● WORK REQUEST
Every line from the one bearing "Dekorativ träskylt i" through the last line of the records below is to be output exactly, and no other line; leave out the pictures.

● Stored dataset items
╔══
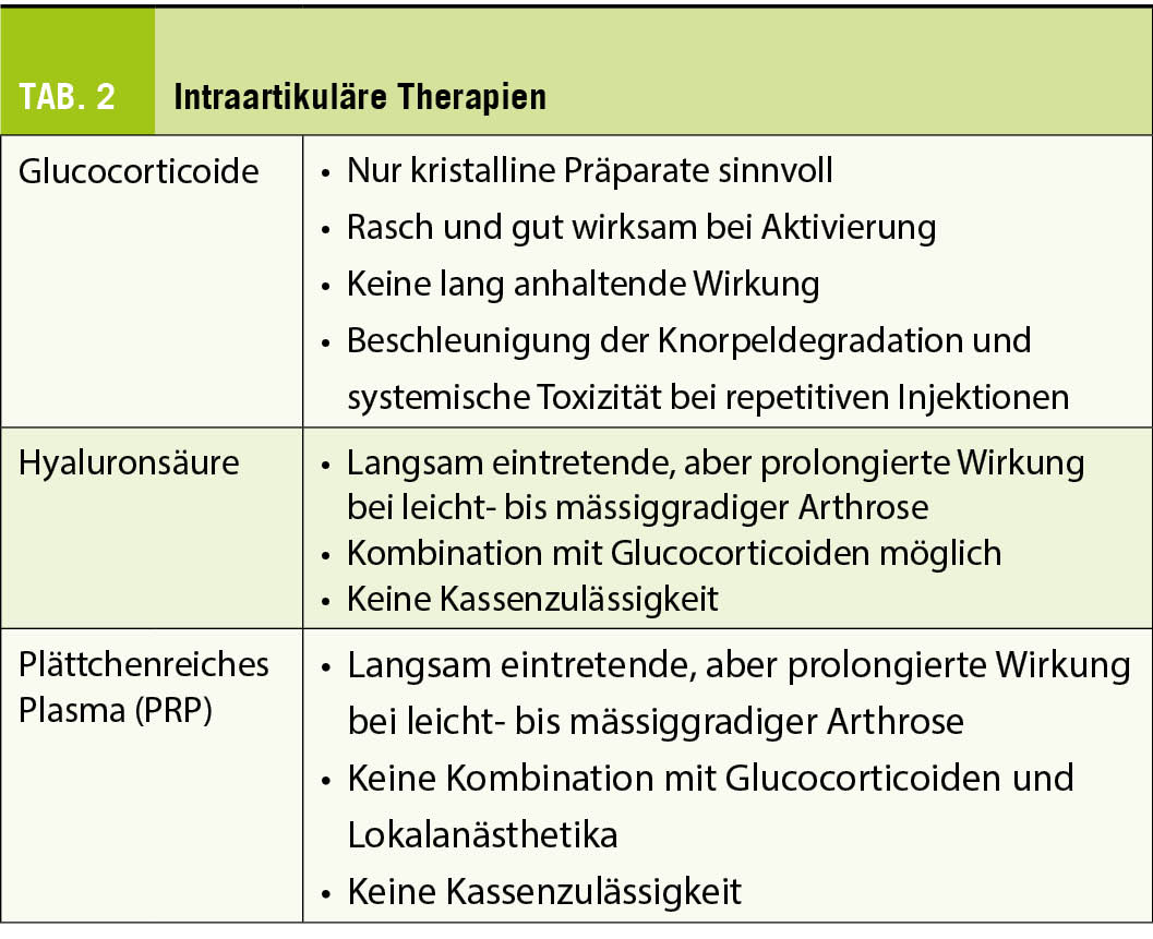 Steroidinjektionen sind bei einer Aktivierung indiziert. Wegen ihrer viel zu kurzen Wirkdauer ist von löslichen Präparaten wie Dexamethason abzuraten. Als kristalline Substanz hat sich Triamcinolon besonders bewährt; am längsten wirksam ist Triamcinolon-Hexacetonid. Für eine optimale Wirkung empfiehlt es sich, vor der Injektion den gesamten Erguss zu aspirieren und danach das Gelenk bis am folgenden Morgen soweit möglich zu entlasten. Repetitive intraartikuläre Steroidinjektionen beschleunigen leider die Knorpeldegeneration, was kürzlich für Triamcinolon-Acetonid 40 mg viermal pro Jahr nachgewiesen worden ist. Zudem haben Steroide mit ihrer systemischen Wirkung oft eine erhebliche Toxizität. Entsprechend macht es Sinn, nach Abklingen der Aktivierung andere intraartikuläre Therapiemodalitäten wie die Viscosupplementation und Plättchen-reiches Plasma (PRP) heranzuziehen (Tab. 2). Solche haben ihren Stellenwert vor allem bei einem leichten bis mässigen Grad der Gonarthrose. Bei der Viscosupplementation wird Hyaluronsäure ins Gelenk eingebracht. Die Wirkung tritt später als bei den Steroiden ein, hingegen hält sie wesentlich länger an, typischerweise 2-4 Monate. Hyaluronsäure-Präparate werden in der Schweiz nicht von den Krankenkassen übernommen, da sie als «Device» bzw. «Medizinprodukt» fungieren. Aufgrund ihrer prolongierten Wirkung muss allerdings von einem pharmakologischen Effekt ausgegangen werden. Auch bei der Hyaluronsäure-Injektion ist vorgängig eine vollständige Aspiration des Ergusses wichtig, weil sich die Wirkung dadurch verbessert. Hyaluronsäure lässt sich mit einem kristallinen Steroid kombinieren, was eine rasch eintretende und lange anhaltende Schmerzabnahme mit einer einzigen Injektion erlaubt. Hyaluronsäure kann problemlos repetitiv angewandt werden. Etwa ähnlich wirksam ist Plättchen-reiches Plasma (PRP). Dieses muss jeweils aus Eigenblut zubereitet werden und wird ebenfalls nicht von den Kostenträgern übernommen. Die Applikation soll ohne Lokalanästhetika erfolgen, damit die eingebrachten Thrombozyten nicht gehemmt werden. Eine Kombination mit kristallinen Steroiden ist nicht sinnvoll. Auch PRP kann repetitiv angewandt werden. Leider gibt es keine Prädiktoren, ob bei einem individuellen Patienten Hyaluronsäure oder PRP besser wirksam ist.
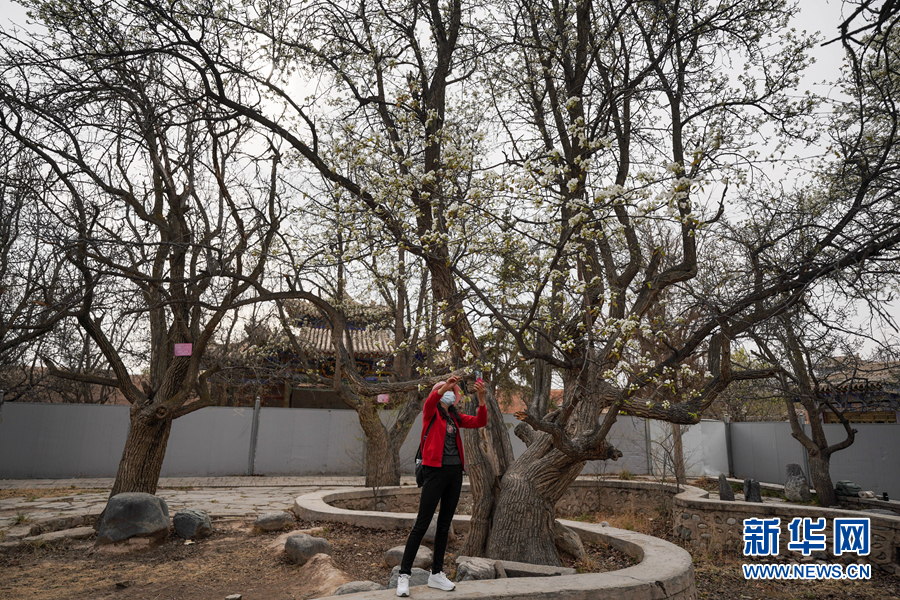 一名游客在梨花樹(shù)下拍照。新華網(wǎng) 潘彬彬 攝
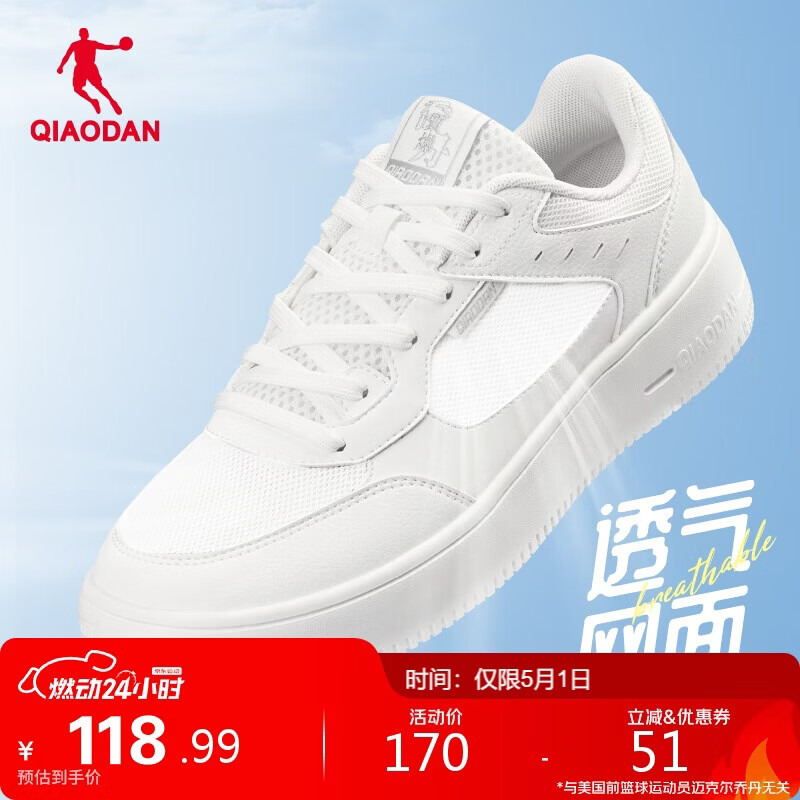 乔丹女鞋板鞋透气网纱夏季小白鞋轻便潮流休闲鞋凉感百搭运动鞋
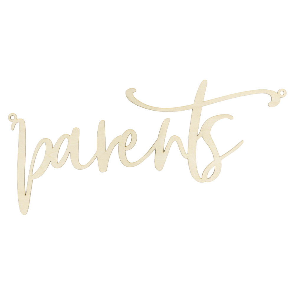 Dekorativ träskylt i form av texten "parents" att hänga på föräldrarnas stolsrygg inför det stora bröllopsfirandet. Den blir en vacker och utstickande detalj som tar bröllopspyntningen till nästa nivå. Kort sagt en riktigt fin träskylt som passar perfekt för dig som söker en festlig stol-dekoration till bröllop.
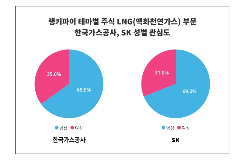 성별 관심도 분석에서 한국가스공사는 '남성'에게 '65%'의 관심을 받고 있으며, 한국가스공사는 여성보다 '남성'에게 높은 관심을 받고 있는 것으로 나타났다.이어 SK는 '남성'에서 '69%'의 높은 관심도가 나타났으며, 여성보다 '남성'에게 더 많은 관심을 받고 있음이 드러났다.
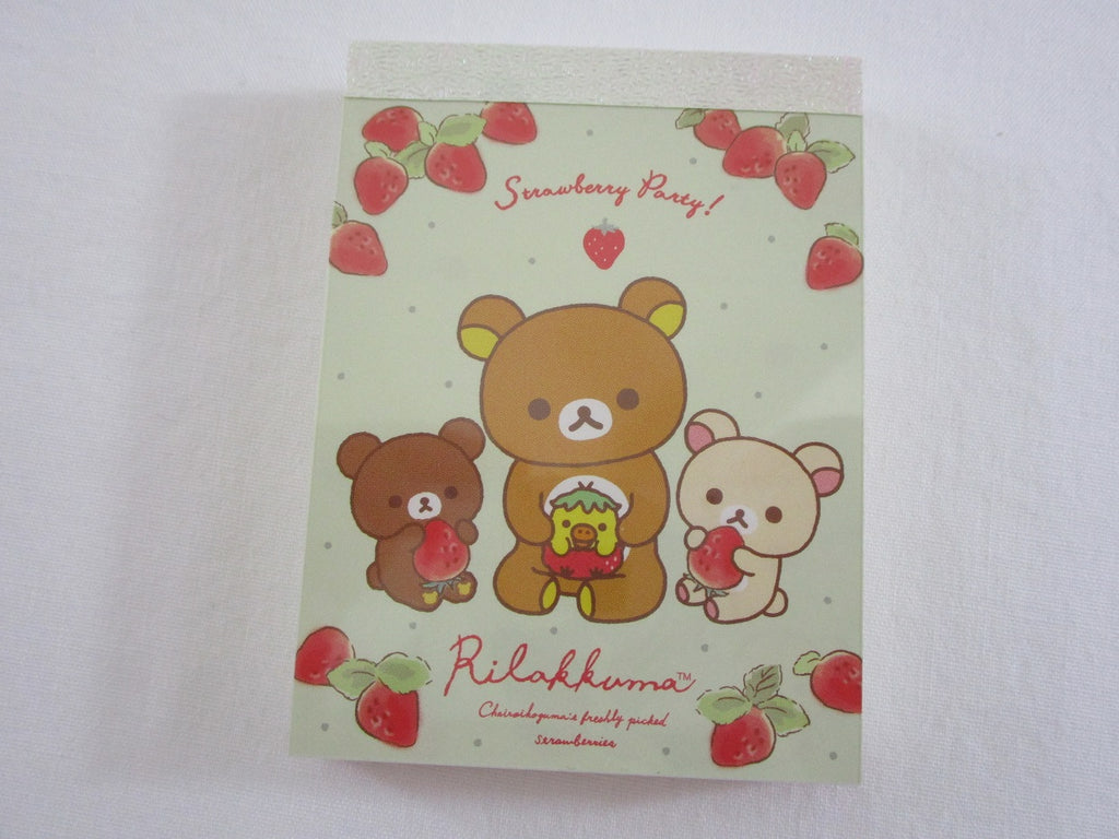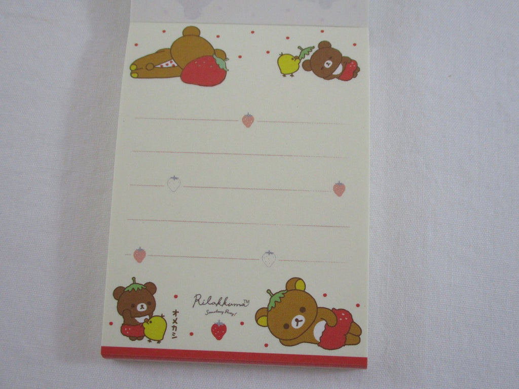 Cute Kawaii San-X Rilakkuma Bear Strawberry Mini Notepad / Memo Pad - A - Stationery Writing Message
╚══
● SOLVED PROBLEM
 Dekorativ träskylt i form av texten "parents" att hänga på föräldrarnas stolsrygg inför det stora bröllopsfirandet. Den blir en vacker och utstickande detalj som tar bröllopspyntningen till nästa nivå. Kort sagt en riktigt fin träskylt som passar perfekt för dig som söker en festlig stol-dekoration till bröllop.
 성별 관심도 분석에서 한국가스공사는 '남성'에게 '65%'의 관심을 받고 있으며, 한국가스공사는 여성보다 '남성'에게 높은 관심을 받고 있는 것으로 나타났다.이어 SK는 '남성'에서 '69%'의 높은 관심도가 나타났으며, 여성보다 '남성'에게 더 많은 관심을 받고 있음이 드러났다.
 Cute Kawaii San-X Rilakkuma Bear Strawberry Mini Notepad / Memo Pad - A - Stationery Writing Message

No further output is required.